The Lemovīcēs (Gaulish: *Lēmouīcēs, 'those who vanquish by the elm') were a Gallic tribe dwelling in the modern Limousin region during the Iron Age and the Roman period.

Name 
They are mentioned as Lemovices by Caesar (mid-1st c. BC) and Pliny (1st c. AD), Lemoouíkes (Λεμοουίκες) by Strabo (early 1st c. AD), and as Limouikoí (Λιμουικοί) by Ptolemy (2nd c. AD).

The Gaulish ethnonym *Lemouīcēs literally means 'those who vanquish by the elm', probably in reference to the wood from which were made their spears or bows.

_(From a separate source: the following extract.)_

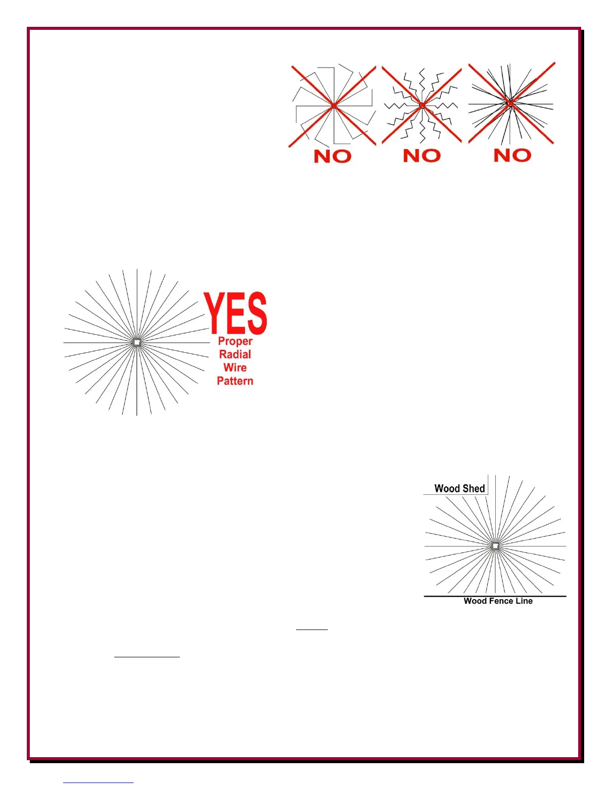 Radial wires should run in all directions straight from the base

It derives from the stem lēmo- ('elm'; cf. OIr. lem, Middle Welsh liwyfen) attached to the suffix -uices ('victors'). The Proto-Celtic stem *lēmo- or *limo- ultimately derives from Proto-Indo-European *h₁élem or *h₁leym- ('elm'; cf. Latin ulmus 'elm', Old Norse almr 'elm, bow', Russian il'm 'mountain elm').

The city of Limoges, attested ca. 400 AD as civitas Lemovicum ('civitas of the Lemovices', Lemovicas in 844, Lemotges in 1208), and the Limousin region, attested in the 6th c. AD as Lemovicinum (pago Lemovicino in 860, Lemozi in 1071–1127), are named after the Gallic tribe.

History 
They established themselves in Limousin and Poitou between 700 and 400 BC.

In 52 BC, some 10,000 Lemovician combatants fought against Julius Caesar at the Battle of Alesia as allies to the Arverni under Vercingetorix. Their chief, Sedullos, was killed during the battle.

Geography

Settlements 
Their pre-Roman chief town was Durotincum, probably corresponding to the oppidum of Villejoubert. After their incorporation into the Roman province of Aquitania, Augustoritum (Limoges) was the capital of the civitas Lemovicum. In the 1st c. AD, it was administered by the vergobretus, and later by a duumviri.

Briva Curretia (Brive; from Gaulish briua 'bridge'), Blatomago (Blond) and Carovicus (Château-Chervix) are known vici ('villages') of the Lemovician territory.

Other locations associated with them were Acitodunum (Ahun), Argentate (Argentat), Cassinomagus (Chassenon), Roncomagus (Rancon), Excingidiacum (Yssandon) et Uxellum (Ussel). One of their main sanctuaries was recently found in Tintignac including several unique objects in the world such as "carnyx".

Economy 
Their territory was a region rich in gold, tin and iron.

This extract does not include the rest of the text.